Each SourceReader is executed in an independent thread. As long as we ensure that the splits assigned by the SourceSplitCoordinator to different SourceReader do not overlap, the developer doesn't consider any concurrency details during the execution cycle of SourceReader. You only need to pay attention to how to read data from the constructed split, then complete the data type conversion, and convert the external data type into BitSail’s Row type and pass it downstream.

Reader example

public class FakeSourceReader extends SimpleSourceReaderBase<Row> {

  private final BitSailConfiguration readerConfiguration;
  private final TypeInfo<?>[] typeInfos;

  private final transient int totalCount;
  private final transient RateLimiter fakeGenerateRate;
  private final transient AtomicLong counter;

  private final FakeRowGenerator fakeRowGenerator;

  public FakeSourceReader(BitSailConfiguration readerConfiguration, Context context) {
    this.readerConfiguration = readerConfiguration;
    this.typeInfos = context.getTypeInfos();
    this.totalCount = readerConfiguration.get(FakeReaderOptions.TOTAL_COUNT);
    this.fakeGenerateRate = RateLimiter.create(readerConfiguration.get(FakeReaderOptions.RATE));
    this.counter = new AtomicLong();
    this.fakeRowGenerator = new FakeRowGenerator(readerConfiguration, context.getIndexOfSubtask());
  }

  @Override
  public void pollNext(SourcePipeline<Row> pipeline) throws Exception {
    fakeGenerateRate.acquire();
    pipeline.output(fakeRowGenerator.fakeOneRecord(typeInfos));
  }

  @Override
  public boolean hasMoreElements() {
    return counter.incrementAndGet() <= totalCount;
  }
}

Sink Connector

Introduction

  • Sink: life cycle management of data writing components, mainly responsible for interaction with the framework, framing jobs, it does not participate in the actual execution of jobs.
  • Writer: responsible for writing the received data to external storage.
  • WriterCommitter (optional): Commit the data to complete the two-phase commit operation; realize the semantics of exactly-once.

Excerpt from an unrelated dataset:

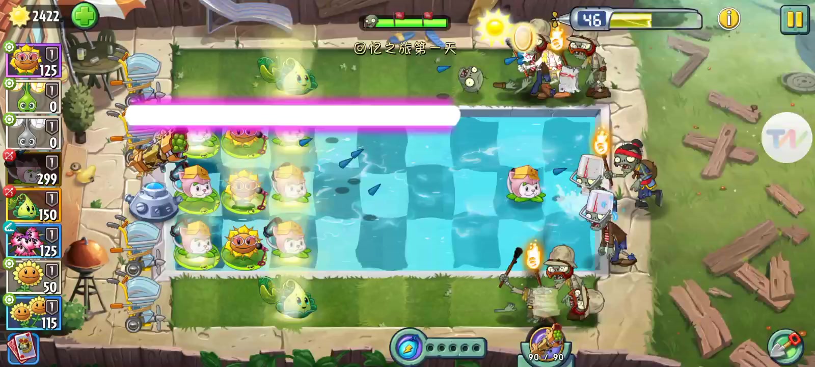 今天我玩回忆之旅普通第一关结果不知道为什么我给向日葵歌手放大招之后,然后场上不知道从哪射出来猫尾草大招的光柱,我再想想之前的阳光炸弹,怎么也炸不了的一大堆的bug,拓维,你看到要不然回一句?
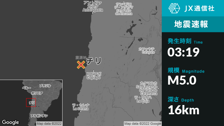 | 震源地 | チリのCopiapóから西北西105kmの地点 |

Developers first need to create a Sink class and implement the Sink interface, which is mainly responsible for the life cycle management of the data writing component and the construction of the job. Define the configuration of writerConfiguration through the configure method, perform data type conversion through the createTypeInfoConverter method, and write the internal type conversion to the external system, the same as the Source part. Then we define the Writer class to implement the specific data writing logic. When the write method is called, the BitSail Row type writes the data into the cache queue, and when the flush method is called, the data in the cache queue is flushed to the target data source.

Writer example

public class PrintWriter implements Writer<Row, String, Integer> {
  private static final Logger LOG = LoggerFactory.getLogger(PrintWriter.class);

  private final int batchSize;
  private final List<String> fieldNames;

  private final List<String> writeBuffer;
  private final List<String> commitBuffer;

  private final AtomicInteger printCount;

  public PrintWriter(int batchSize, List<String> fieldNames) {
    this(batchSize, fieldNames, 0);
  }

  public PrintWriter(int batchSize, List<String> fieldNames, int alreadyPrintCount) {
    Preconditions.checkState(batchSize > 0, "batch size must be larger than 0");
    this.batchSize = batchSize;
    this.fieldNames = fieldNames;
    this.writeBuffer = new ArrayList<>(batchSize);
    this.commitBuffer = new ArrayList<>(batchSize);
    printCount = new AtomicInteger(alreadyPrintCount);
  }

  @Override
  public void write(Row element) {
    String[] fields = new String[element.getFields().length];
    for (int i = 0; i < element.getFields().length; ++i) {
      fields[i] = String.format("\"%s\":\"%s\"", fieldNames.get(i), element.getField(i).toString());
    }

    writeBuffer.add("[" + String.join(",", fields) + "]");
    if (writeBuffer.size() == batchSize) {
      this.flush(false);
    }
    printCount.incrementAndGet();
  }

  @Override
  public void flush(boolean endOfInput) {
    commitBuffer.addAll(writeBuffer);
    writeBuffer.clear();
    if (endOfInput) {
      LOG.info("all records are sent to commit buffer.");
    }
  }

  @Override
  public List<String> prepareCommit() {
    return commitBuffer;
  }

  @Override
  public List<Integer> snapshotState(long checkpointId) {
    return Collections.singletonList(printCount.get());
  }
}

Register the connector into the configuration file

Register a configuration file for your connector so that the framework can dynamically discover it at runtime. The configuration file is defined as follows:

Taking hive as an example, developers need to add a json file in the resource directory. The example name is bitsail-connector-hive.json, as long as it does not overlap with other connectors.

{
  "name": "bitsail-connector-hive",
  "classes": [
    "com.bytedance.bitsail.connector.hive.source.HiveSource",
    "com.bytedance.bitsail.connector.hive.sink.HiveSink"
  ],
  "libs": [
    "bitsail-connector-hive-${version}.jar"
  ]
}

Test module

In the module where the Source or Sink connector is located, add an ITCase test case, and then support it according to the following process.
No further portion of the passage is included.